Exercise prompt: When you copy the material below, keep every line exact and leave each picture out.

--- Information provided Enclosed Below ---

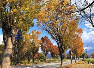 やや肌寒い風が吹き、街路樹の葉が風にゆられひらひらと落ちてきます🍂
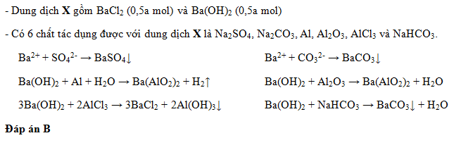 Hoà tan hoàn toàn một lượng Ba vào dung dịch chứa a mol HCl thu được dung dịch X và a mol H2. Trong các chất sau: Na2SO4, Na2CO3,Al, Al2O3, AlCl3, Mg, NaOH và NaHCO3. Số chất tác dụng được với dung dịch X là
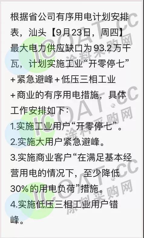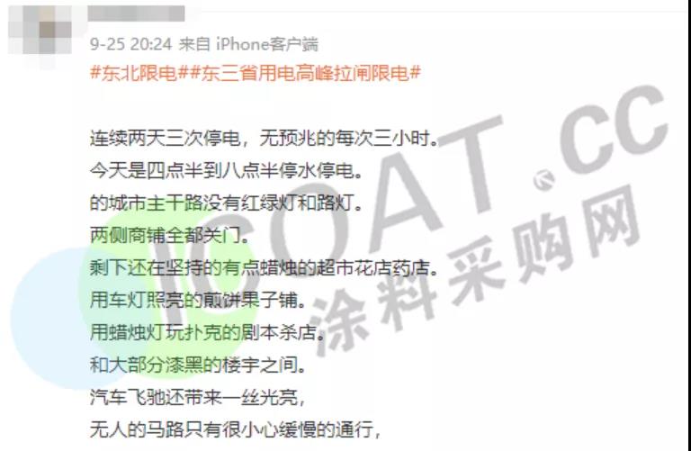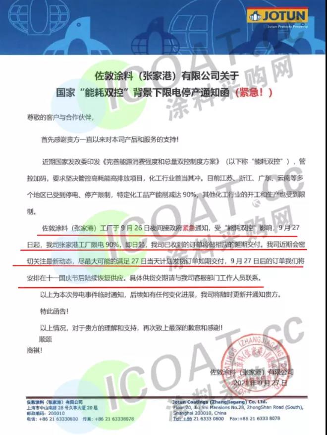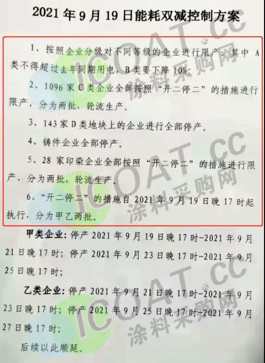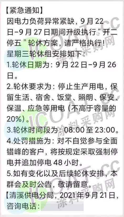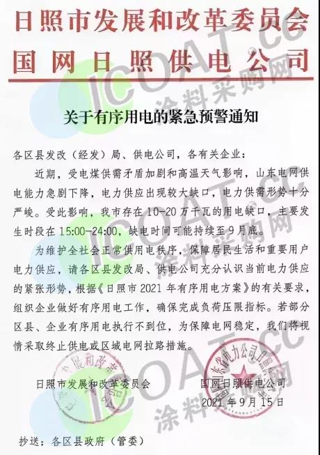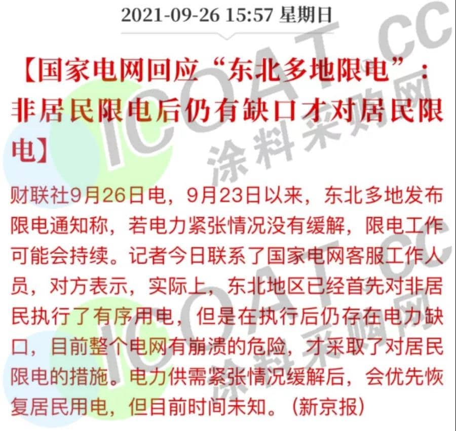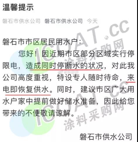 此轮限电已涉及到全国近20多个省,数万家企业受此影响。但据涂料采购网了解,目前已经不是限电那么简单了,部分地区因限电导致水都无法正常供应,真正出现了限电断水的情况,尽管部分地方做了相关的回应,但实际情况并不是很乐观。

--- End of Enclosed Information provided ---

Answer to this exercise:
 やや肌寒い風が吹き、街路樹の葉が風にゆられひらひらと落ちてきます🍂
 Hoà tan hoàn toàn một lượng Ba vào dung dịch chứa a mol HCl thu được dung dịch X và a mol H2. Trong các chất sau: Na2SO4, Na2CO3,Al, Al2O3, AlCl3, Mg, NaOH và NaHCO3. Số chất tác dụng được với dung dịch X là
 此轮限电已涉及到全国近20多个省,数万家企业受此影响。但据涂料采购网了解,目前已经不是限电那么简单了,部分地区因限电导致水都无法正常供应,真正出现了限电断水的情况,尽管部分地方做了相关的回应,但实际情况并不是很乐观。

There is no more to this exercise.